Project 17: Agent Observability with OpenTelemetry

Build complete trace and metric instrumentation for agent loops, tool calls, policy checks, and memory operations.

Quick Reference

Attribute	Value
Difficulty	Level 3: Advanced
Time Estimate	10-18 hours
Language	TypeScript (alt: Python, Go)
Prerequisites	Projects 6, 9
Key Topics	tracing, semantic conventions, root-cause workflows

Learning Objectives

Instrument agent execution with end-to-end trace IDs.
Emit GenAI semantic attributes for model/tool spans.
Build latency, token, and cost dashboards.
Perform root-cause analysis from a single failed request.

The Core Question You’re Answering

“How do you make stochastic agent behavior operationally debuggable?”

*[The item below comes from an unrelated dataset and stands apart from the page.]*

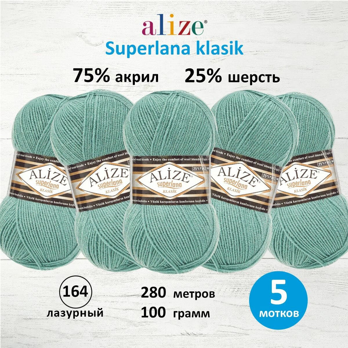 Купить Пряжа Alize Superlana klasik лазурный (164), 25%шерсть/75%акрил, 280м, 100г, 5шт
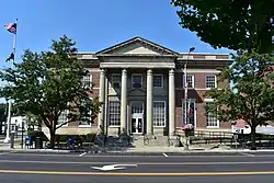 US Post Office-Bath is a historic post office building located at Bath in Steuben County, New York. It was built in 1931 and is one of a number of post offices in New York State designed by the Office of the Supervising Architect under James A. Wetmore. It is a two-story symmetrically massed brick structure with a one-story rear wing in the Colonial Revival style. The front facade features a limestone pedimented portico supported by four Corinthian columns. It is located within the Liberty Street Historic District.[2]

Concepts You Must Understand First

Concept	Why It Matters	Where to Learn
Span trees	Causality across components	OpenTelemetry fundamentals
GenAI semantic attributes	Standardized AI telemetry fields	OTel GenAI conventions
Sampling strategy	Controls observability cost	SRE observability practices

Theoretical Foundation

Request -> Trace Root -> (LLM span, Tool span, Policy span, Memory span) -> Outcome

Without span-level causality, agent debugging becomes guesswork.

Project Specification

What You’ll Build

An observability layer that:

Instruments all critical boundaries
Emits OTLP traces + metrics
Redacts sensitive fields
Supports trace-driven incident analysis

Functional Requirements

Correlation ID propagation
Span emission for model/tool/policy/memory operations
Token/cost metric extraction
Dashboard and alert definitions

Non-Functional Requirements

Low instrumentation overhead
Privacy-safe logs and traces
Replay-friendly trace export

Real World Outcome

$ npm run p17:trace -- --goal "summarize incident retro"
[trace] id=trace_a9f2d
[spans] llm=7 tool=5 memory=3 policy=5
[latency] p50=1.2s p95=4.8s
[cost] est_usd=0.41
[dashboard] updated successfully

Architecture Overview

Agent Runtime -> Instrumentation SDK -> OTel Collector -> Storage -> Dashboards/Alerts

Implementation Guide

Phase 1: Trace Foundations

Request IDs, root spans, and propagation.

Phase 2: GenAI Attributes

Add model/tool metadata and token usage.

Phase 3: Ops Workflows

Build runbooks for trace-based incident triage.

Testing Strategy

Missing span detection tests
PII redaction tests
Synthetic incident replay tests

Common Pitfalls & Debugging

Pitfall	Symptom	Fix
Fragmented traces	no end-to-end view	enforce correlation ID propagation
Over-verbose labels	telemetry cost spikes	reduce high-cardinality attributes
Hidden sensitive fields	compliance risk	redact before export

Interview Questions They’ll Ask

What should every agent trace include?
How do you map business failures to technical spans?
How do you balance observability depth vs cost?
How do traces support evaluation and routing?

Hints in Layers

Hint 1: Instrument only critical path first.
Hint 2: Add policy and memory spans explicitly.
Hint 3: Track tokens and cost per model call.
Hint 4: Build one-click trace drilldown playbook.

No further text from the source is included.